The decision in the case Schultz-Hoff (judgement dated 20 January 2009 – docket no. C-350/06), with which the ECJ declared that it is not permissible to limit the term of the claim to holiday or payment in lieu of holiday of an employee unable to work on grounds of a long-term illness, created considerable financial risks for enterprises and, not only for this reason, was the subject of serious criticism. As already announced (cf. Newsletter III/2011), the ECJ has now used a further preliminary ruling to correct its case law and give the employer some points of orientation as to when a claim to payment in lieu of holiday validly expires.
According to the factual situation underlying the decision, the claimant had a holiday claim of 30 working days per year pursuant to the standard industry-wide collective agreement [Einheitlicher Manteltarifvertrag, EMTV] applicable to his employment relationship. In January 2002 the claimant had a heart attack, as a result of which he was declared severely disabled and unable to work. From October 2003 onwards he drew a pension on grounds of a full reduction in his earning capacity and ultimately retired from his employment relationship as per 31 August 2008. In March 2009 the claimant claimed compensation of the paid minimum annual holiday for severely disabled of a total of 25 working days for the years 2006, 2007 and 2008. The employer pleaded the collectively agreed maximum period for carrying over holiday claims of 15 months.
Whereas the case was successful in the first instance, the Regional Labour Court [Landesarbeitsgericht, LAG] of Hamm, which handled the appeal, suspended the proceedings and essentially presented the ECJ with the question of whether or not a carry-over period of 18 months is reconcilable with European law (in this case, Directive 2003/88).
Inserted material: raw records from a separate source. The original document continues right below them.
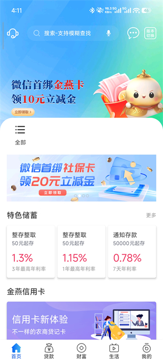 集中展示热销储蓄产品、金燕信用卡服务及高频金融入口,界面清晰,操作直达。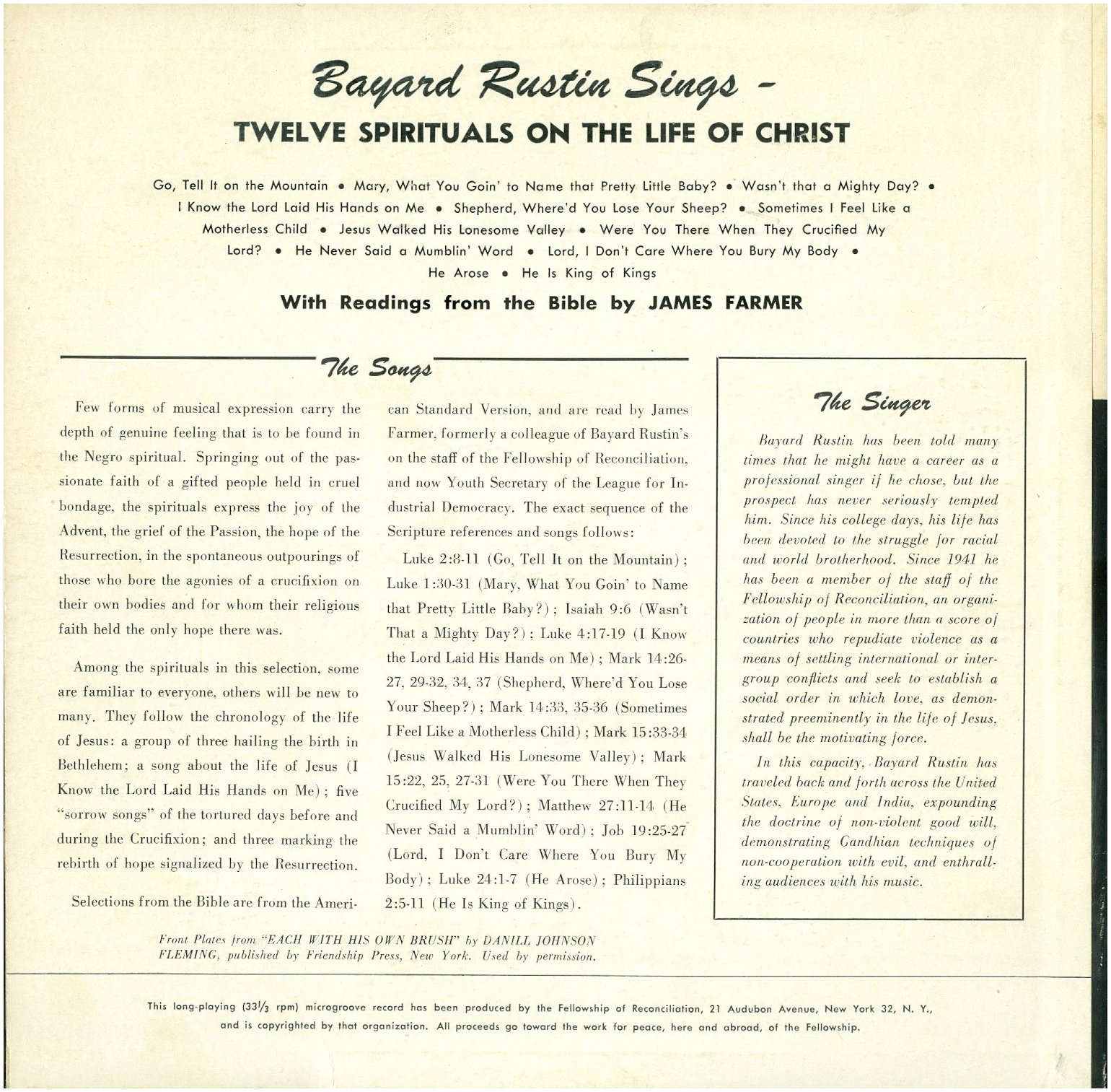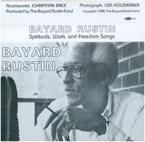 Bayard Rustin Sings Most of you (I hope) know a little of the history of Bayard Rustin, and may have seen the headlines in Feb 2020 when California Governor Gavin Newsome posthumously pardoned Rustin for his 1953 arrest and misdemeanor sodomy charge. That shadow hung over him during all the years he worked with Dr Martin Luther King Jr as a champion in the Civil Rights Movement. The shadow kept him more to the sidelines although he worked as an influential advisor to King. Working for many causes in his life he finally became involved in gay rights activism in the 1980s. In 1982 as a means of protecting his partner Walter Naegle, he adopted him, the only way then to form a legal bond for their relationship. And in 2013 President Obama posthumously presented to Naegle, in Rustin's behalf with the Presidential Medal of Freedom. Since his death in 1987, Bayard Rustin has been honored with many awards even including buildings being named after him, and he has been the subject of books and documentaries. But did you know Rustin was a singer? Back in his college days, at Wilberforce College (Ohio) he sang and toured the country with the Wilberforce Quartet. He was already a Civil Rights activist when he recorded two 10" vinyl albums around 1952, singing spirituals and Elizabethan songs. In 1973 a benefit concert for the Young People's Socialist League, NYC, was recorded, with Rustin talking about the songs. That was entitled "Spirituals, Work and Freedom Songs," and was released on a cassette tape.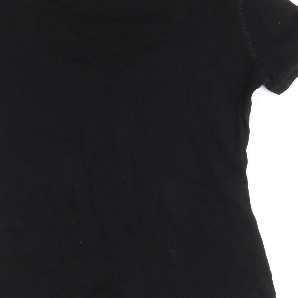 Womens Black 100% Cotton Basic T-Shirt Size 12 Scoop Neck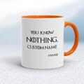Personalised You Know Nothing Mug A novelty mug with "Game of Thrones inspired Personalised You Know Nothing, 'Custom Name'" printed on both sides. Simple and straight to the point this novelty ...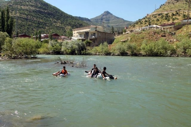 Şırnak'ın Beytüşşebap ilçesinde terör örgütü PKK'ya yönelik geniş kapsamlı operasyonun sürdüğü Kato Dağı eteklerinde bir grup çocuk, Habur Çayı'nın azgın sularına aldırış etmeden, pet şişe doldurdukları çuvallarla rafting yapıyor.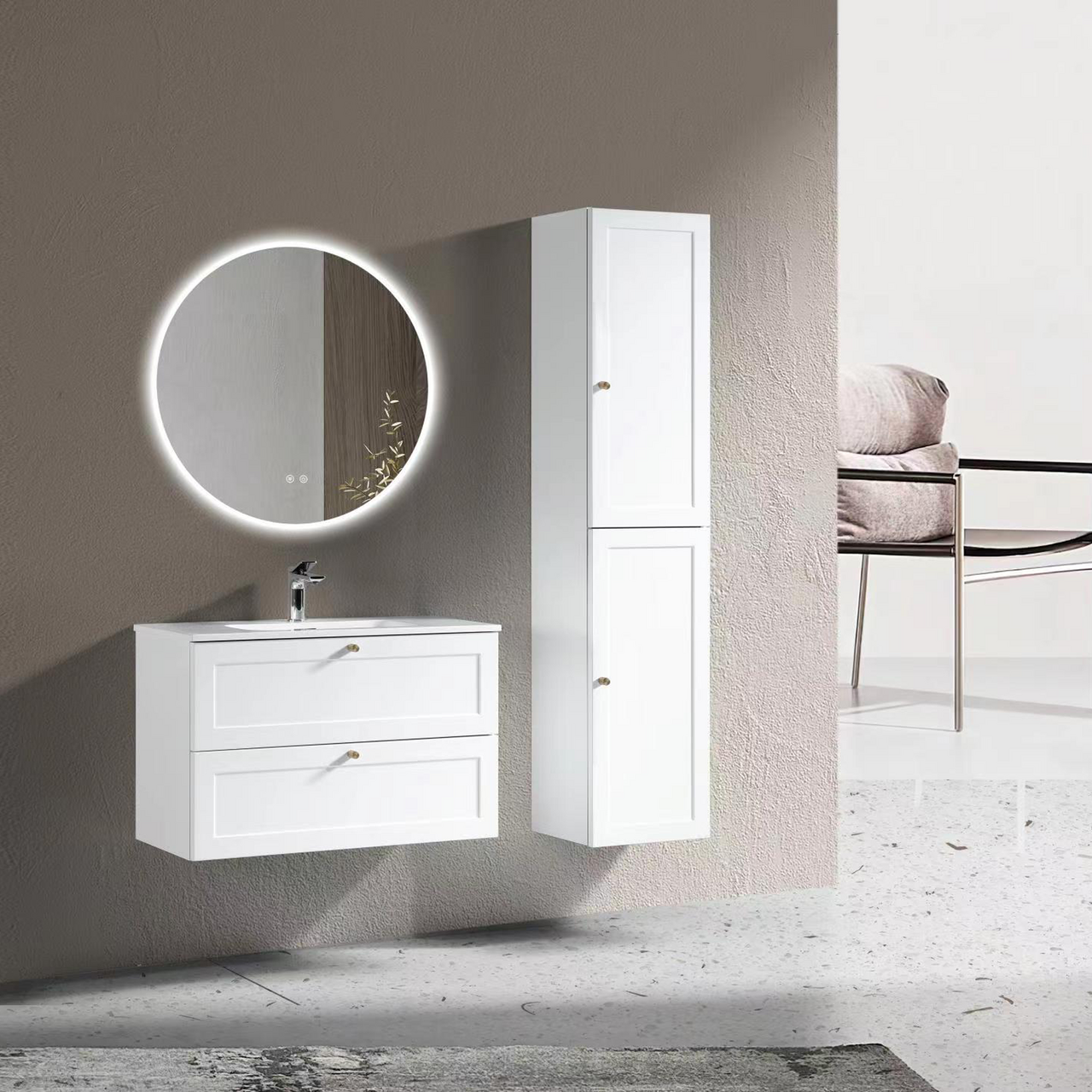 Den stilrene, rektangulære formen passer til Lind Comfort servantskap. Servanten er hvit og er 80 cm bred.

The ECJ initially declared such a regulation to be invalid in application of its case law in the matter Schultz-Hoff (judgement dated 20 January 2009 – docket no. C-350/06) and that it does not lead to an expiry of the holiday claim. Nevertheless, it saw cause to "nuance" this case law: the employee's interest in having a period for relaxation and free time must be weighed against the risk of the accumulation of excessively long periods of absenteeism for the employer's work organisation. The employee's protected interest requires that the carry-over period clearly exceeds the duration of the reference period for which the holiday claim is granted. At the same time, however, the carry-over period must also prevent an excessive "hoarding" of holiday claims. In the opinion of the ECJ, a carry-over period of 15 months meets these requirements.
The judgement of the ECJ has provided the long sought after legal clarity. The feared incalculable cost burdens arising from an unlimited retroactive consideration of payment in lieu of holiday for employees with a long-term illness should be excluded in future, insofar as the collective partners ensure as soon as possible that carry-over periods of a term of at least 15 months (in particular in the event that it is impossible for an employee to take holiday on grounds of his illness) are incorporated into the collective agreements.